→ **AIM OF THE EXERCISE**
For the records that follow, say how many lines have the word "from" in them. Write the number and nothing more.

Source data
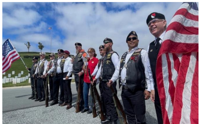
ALR105 and ALR82 with HOG members honoring veterans Purple Hearts Day.
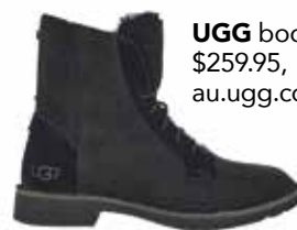
UGG boots, $259.95, au.ugg.com
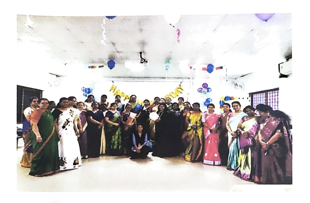
Photo7.Participants of the Cultural programme
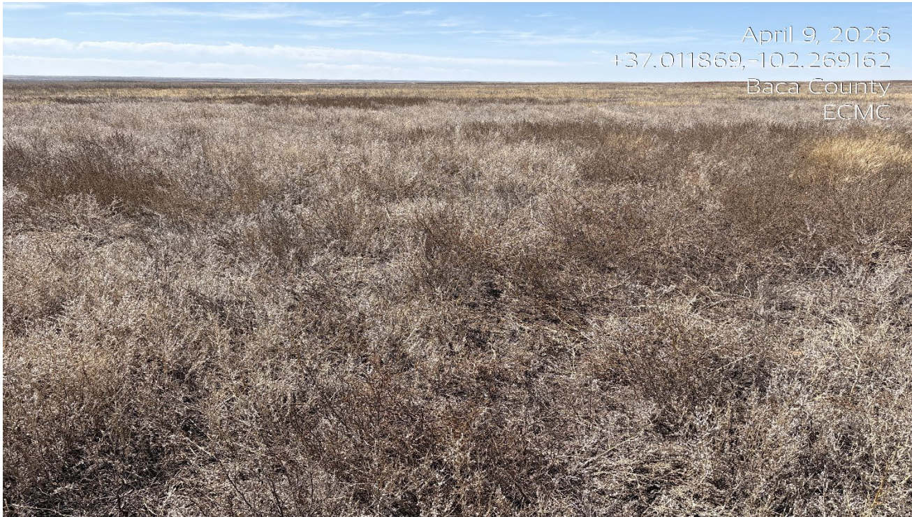
Photo 4. Center of the location facing south. The location consists of tall undesirable weeds ( Kochia, Russian thistle).
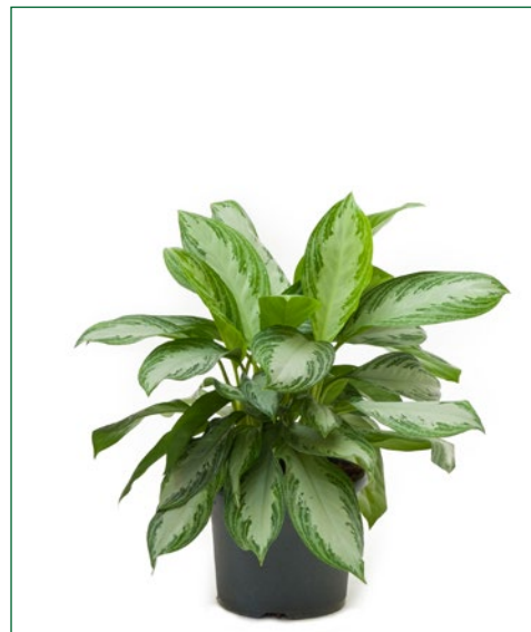
Artcode: 4AGSBBU20 Description: Aglaonema silver bay Variety: Tuft Pot: 26 Height: 40
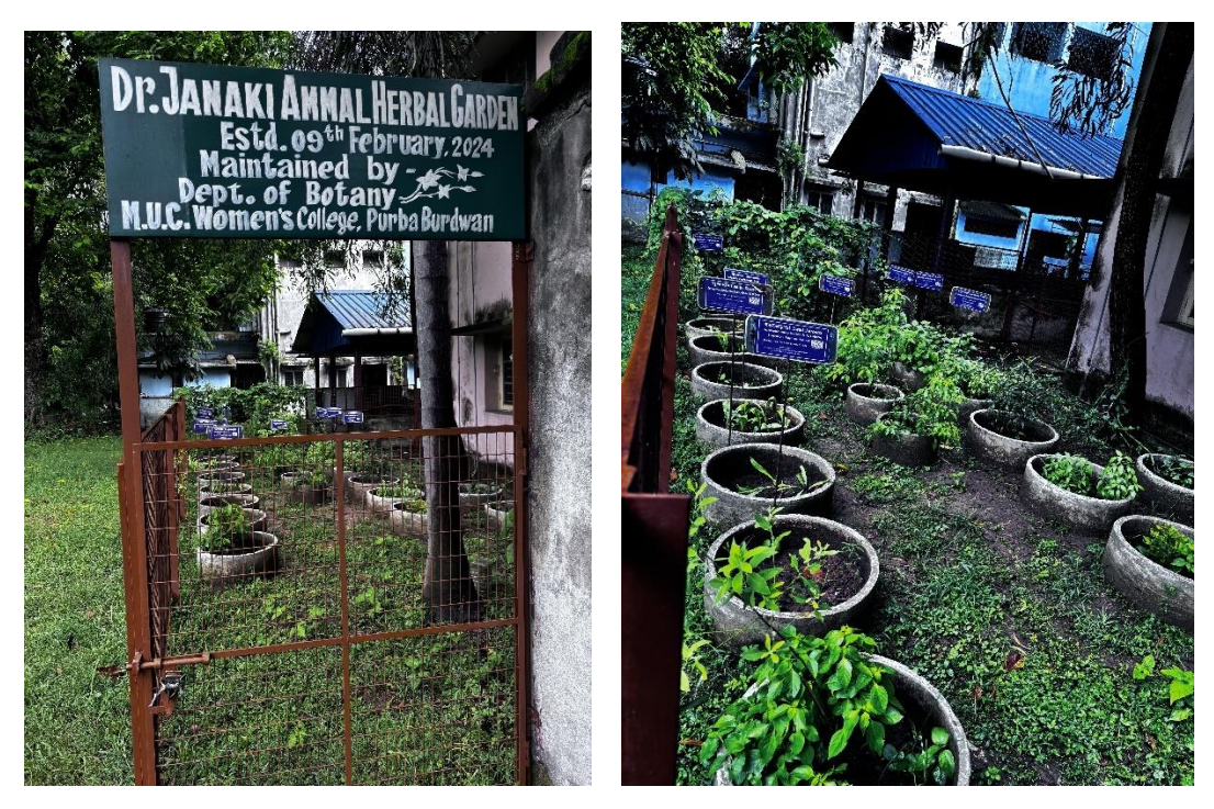
Fig: Herbal Garden

By incorporating a variety of important herbs, the garden serves as a living laboratory for students to explore and understand the properties and uses of herbal drugs. This hands-on approach not only enriches their theoretical knowledge but also offers practical insights into the world of herbal medicine.
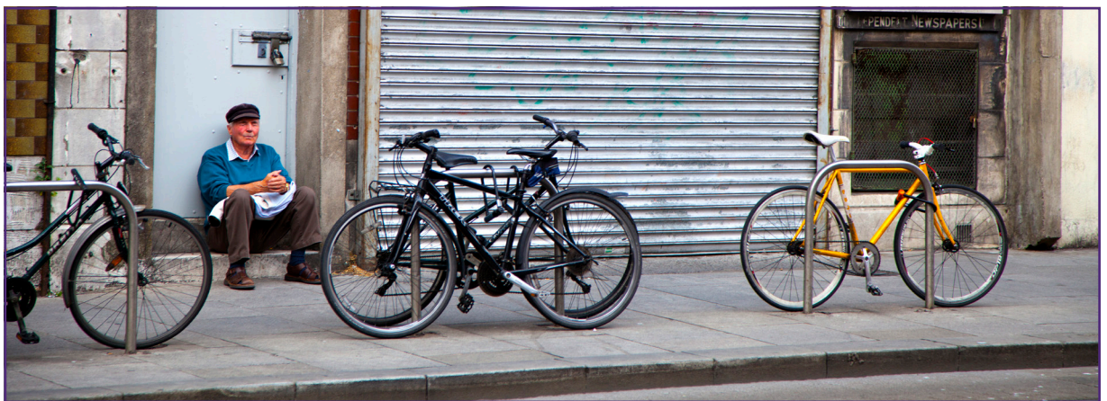
'Abbey Street' taken by a member of the Ana Liffey Stabilisation Group Photography Project.

As we move forward, my goals as Chairperson are for the organisation to sign off as being fully compliant with the Governance Code and to continue to ensure that we manage our resources in an efficient and responsible manner in accordance with our mission statement. Our strategy is also up for review in 2014, and in relation to this, key priority areas are likely to be a focus on fundraising and improvements in resource management. We have now experienced more than five years of cutbacks and it is not realistic that we can continually 'do more with less' year on year. We need to diversify our funding base which may also involve creative and progressive ways of thinking about service development and delivery at the Ana Liffey. We also need to ensure that our operational processes are aligned and supportive of our strategy and the people engaging with them.
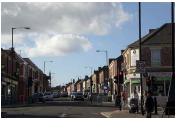
“My daughter takes me shopping on Stanhope Street for my fruit and vegetables. I buy my meat at the Halal butchers.”
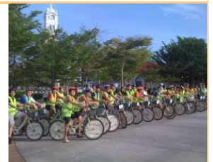
KPMG SG 30/9/2012
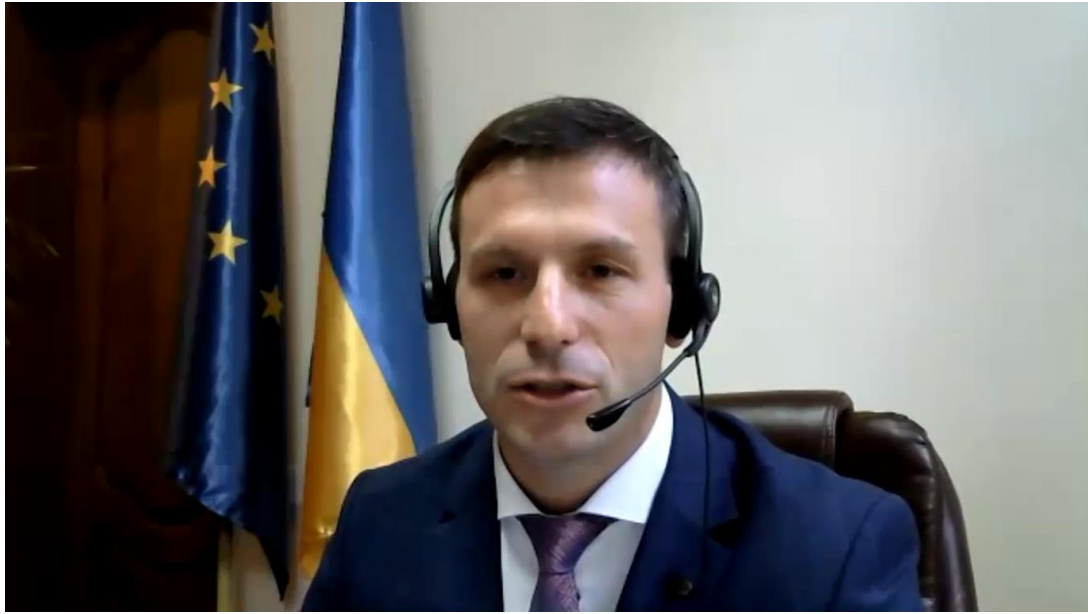
Picture 7 – Screenshot from the stakeholder video interview in Ukraine (part 2)

Link to part 1 of the interview: https://www.youtube.com/watch?v=0dD4yADWtIM
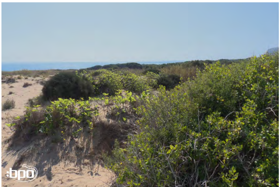
The coast near Santa Pola - habitat of...
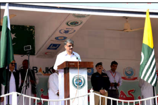
MUZAFFRABAD: Prime Minister of AJK Chaudhry Anwar ul Haq addressing during a ceremony to mark the 18th anniversary of the devastating 2005 earthquake

RAWALPINDI (APP): One terrorist was killed in an exchange of fire with security forces in Razmak area of North Waziristan. According to Inter Services Public Relations (ISPR), weapons and ammunition were also recovered from the killed terrorist. Known as Azeem Ullah alias 'Ghazi', the killed terrorist remained actively involved in various terror activities against security forces and killing of innocent civilians. The ISPR said sanitization has been carried out to eliminate any other terrorist in the area. Locals of the area have appreciated the operation.

→ **SOLUTION FOR THIS PROBLEM**
2